28 oct. 2011

"You keep me waitin', waitin', waitin' ".

Admirez cet homme au déhanché de folie dans le clip de Lonely Boy de nos chers Black Keys, premier single tiré de leur septième album El Camino (prévu pour le 6 décembre ).

Apocalypse parisienne.



Sortie du nouveau La Femme le 24 octobre : Paris 2012, qualifié par le groupe lui même de "single indé-post-apocalyptique", définition qui colle parfaitement au morceau et à sa face B, From Tchernobyl with love
Puis sont apparues aujourd'hui sur l'internet deux mystérieuses vidéos, mettant brillamment en image la qualification du groupe.

15 oct. 2011

Contact Pat or Dan at (330) 510-1206



Quand un groupe comme les Black Keys nous annonce la sortie de leur prochain album, il ne le fait pas n'importe comment (rappellez vous seulement le clip de Next Girl et vous comprendrez).
Hier est donc apparue sur l'internet une vidéo (au bas de l'article) au comble du kitch, mettant en scène un vendeur de voiture incarné par Bob Odenkirk, ainsi qu'un site internet tout simplement nommé wannabuyavan.

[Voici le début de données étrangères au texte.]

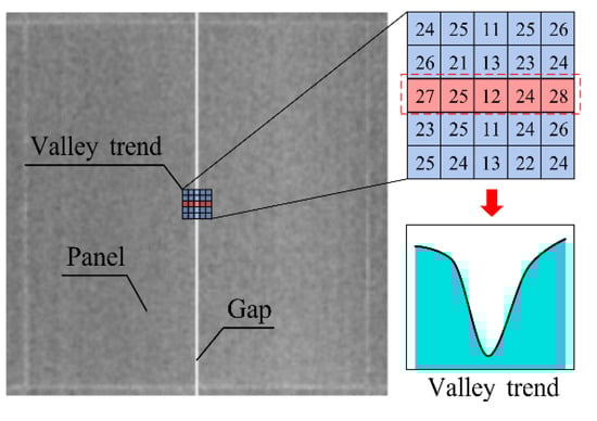 In this study, the linear positions corresponding to the stone curtain wall’s sealant lines, extracted from the color image, are mapped onto the depth image and designated as white. This mapping process can be executed directly due to the one-to-one pixel correspondence between the color and depth images, both derived from the same point cloud. Following the mapping, a kernel-based sealant line detection method is employed on the depth image to verify the line positions. This research assumes that the width of the sealant lines in the stone curtain wall is approximately constant. The verification process begins by calculating the coordinates of the intersection points between the lines. At non-intersection points, a series of points are randomly selected as centers to construct 5 × 5 kernels. The depth values of pixels within these kernels, oriented perpendicular to the line direction, are then extracted. The presence of a valley-like trend in these depth values is used to determine whether the current point belongs to a sealant line. The valley-like trend in depth values is indicative of a sealant line, suggesting a local minimum in depth that corresponds to the narrow sealant line between panels. This method is sensitive to the subtle depth variations that characterize sealant line locations. If more than 10% of the points are not identified as belonging to a sealant line, it necessitates a reevaluation of the color image through the steps outlined in Section 2.2 (Figure 4).

Entre autre la vidéo nous apprends que l'album se nommera El Camino et sortira le 6 décembre prochain.
En plus de cela, un premier single, Lonely Boy, prévu pour le 26 octobre et la tracklist de l'album:

1. Lonely Boy
2. Dead And Gone
3. Gold On The Ceiling
4. Little Black Submarines
5. Money Maker
6. Run Right Back
7. Sister
8. Hell Of A Season
9. Stop Stop
10. Nova Baby
11. Mind Eraser

4 oct. 2011

LES CAMPULSATIONS @ LA MAC DE BORDEAUX

Ce vendredi 30 septembre avait lieu le festival Les Campulsations (se déroulant du 29 septembre au 8 octobre) à Bordeaux. Dans le cadre de la soirée se produisaient quatre artistes:  La Femme, LDLF, Ross Heselton et Arthur Pym And The Gordons (dont j'ai malheureusement raté le set).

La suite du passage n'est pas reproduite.